** COLLECTED MATERIAL **
=-=-=
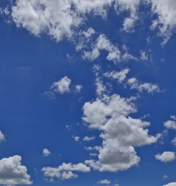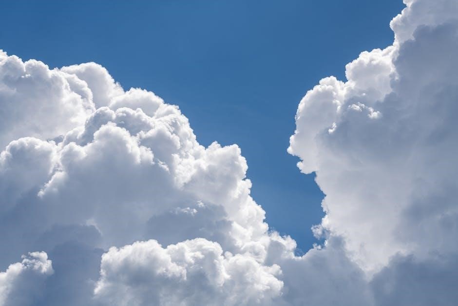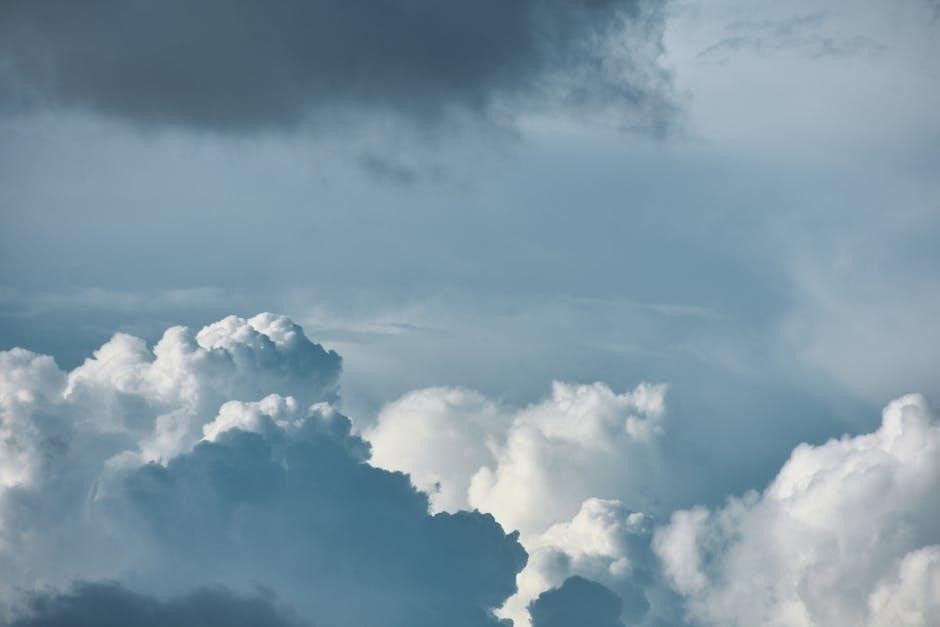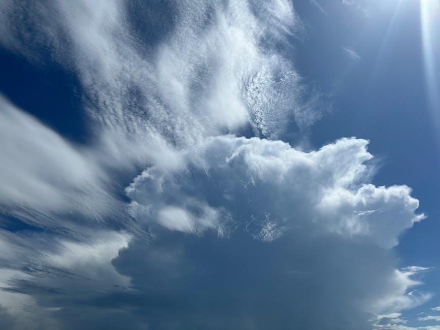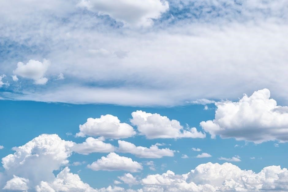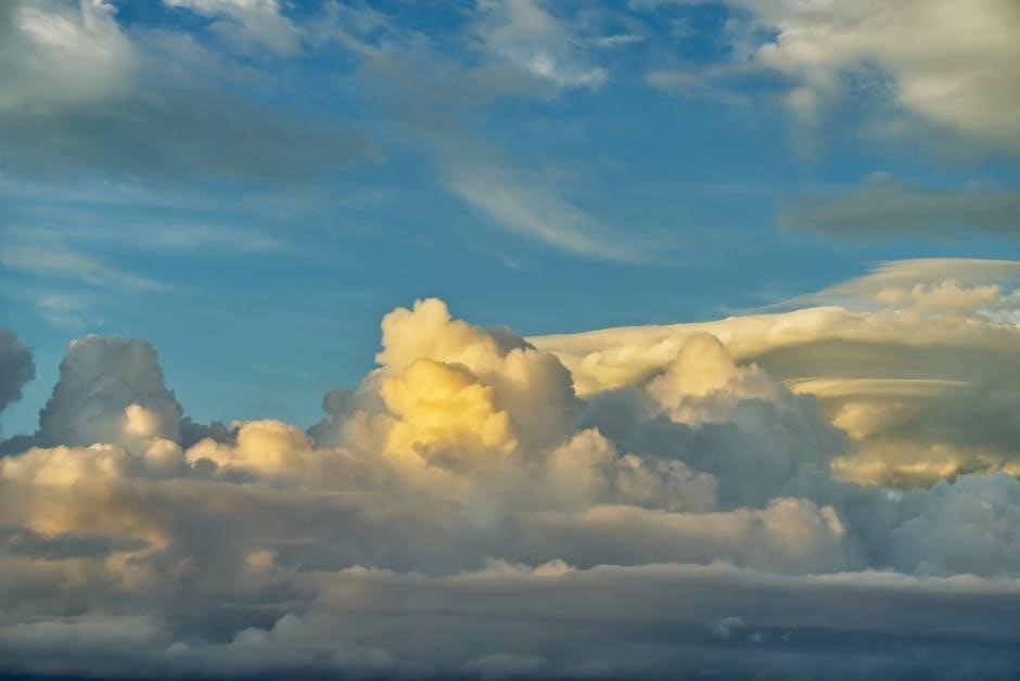 Guides emphasize that identifying these clouds requires careful observation of their shape, texture, and altitude. Pretor-Pinney’s work and resources from organizations like the Met Office provide detailed descriptions and imagery to aid in accurate classification, helping enthusiasts deepen their understanding of atmospheric processes and predictive capabilities.
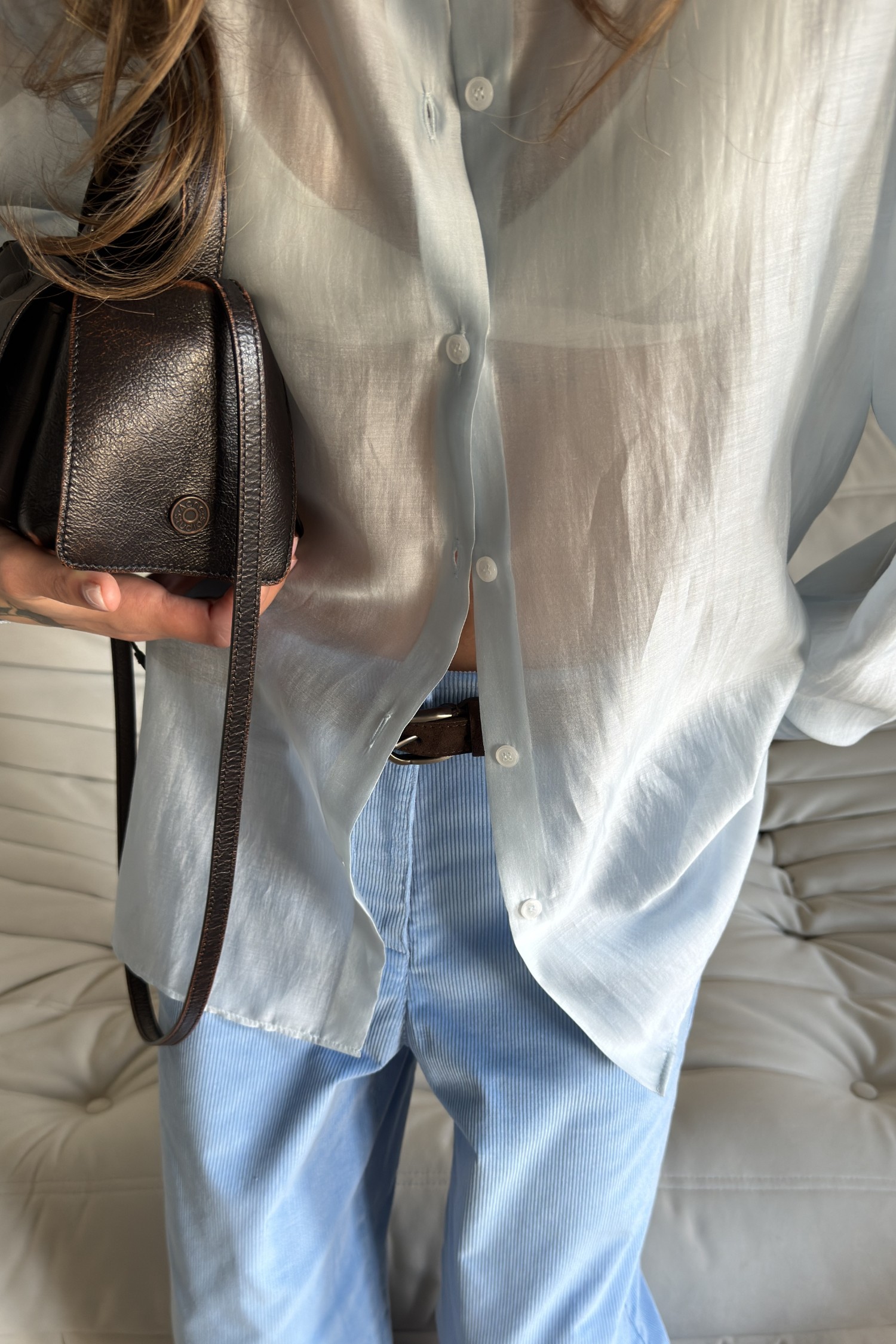 Від 3000 грн доступна оплата частинами monobank Детальніше Жіноча напівпрозора сорочка кольору Iced Blue.
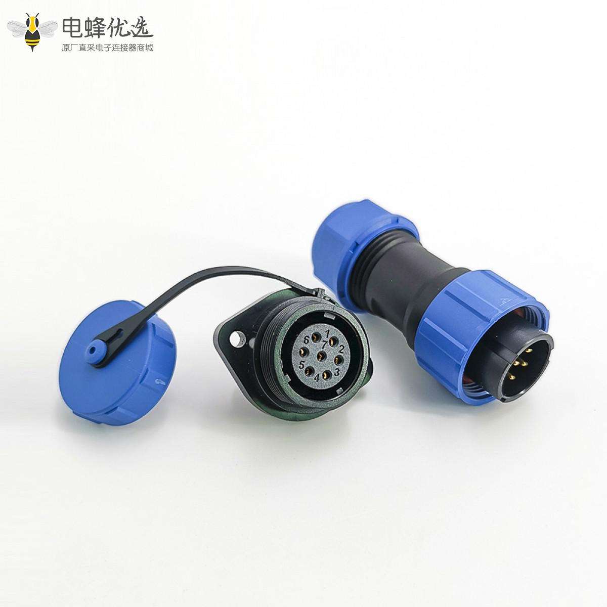 SP17系列,直式,公插头,母菱形插座,2孔法兰,面板安装,焊接中心针,7芯;
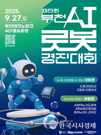 한국시사경제 경기취재본부 | 부천시와 부천산업진흥원은 오는 9월 27일, 부천테크노파크 401동 및 광장에서'제8회 부천AI로봇경진대회'를 개최한다. 이번 대회는 ‘피지컬AI(Physical AI)’를 핵심 주제로, 인공지능 기술과 실제 로봇의 융합 역량을 겨루는 장으로 마련된다.
=-=-=
** EXERCISE OBJECTIVE **
Working from the lines above, reproduce the material exactly and exclude its pictures.

** ANSWER BELOW **
 Guides emphasize that identifying these clouds requires careful observation of their shape, texture, and altitude. Pretor-Pinney’s work and resources from organizations like the Met Office provide detailed descriptions and imagery to aid in accurate classification, helping enthusiasts deepen their understanding of atmospheric processes and predictive capabilities.
 Від 3000 грн доступна оплата частинами monobank Детальніше Жіноча напівпрозора сорочка кольору Iced Blue.
 SP17系列,直式,公插头,母菱形插座,2孔法兰,面板安装,焊接中心针,7芯;
 한국시사경제 경기취재본부 | 부천시와 부천산업진흥원은 오는 9월 27일, 부천테크노파크 401동 및 광장에서'제8회 부천AI로봇경진대회'를 개최한다. 이번 대회는 ‘피지컬AI(Physical AI)’를 핵심 주제로, 인공지능 기술과 실제 로봇의 융합 역량을 겨루는 장으로 마련된다.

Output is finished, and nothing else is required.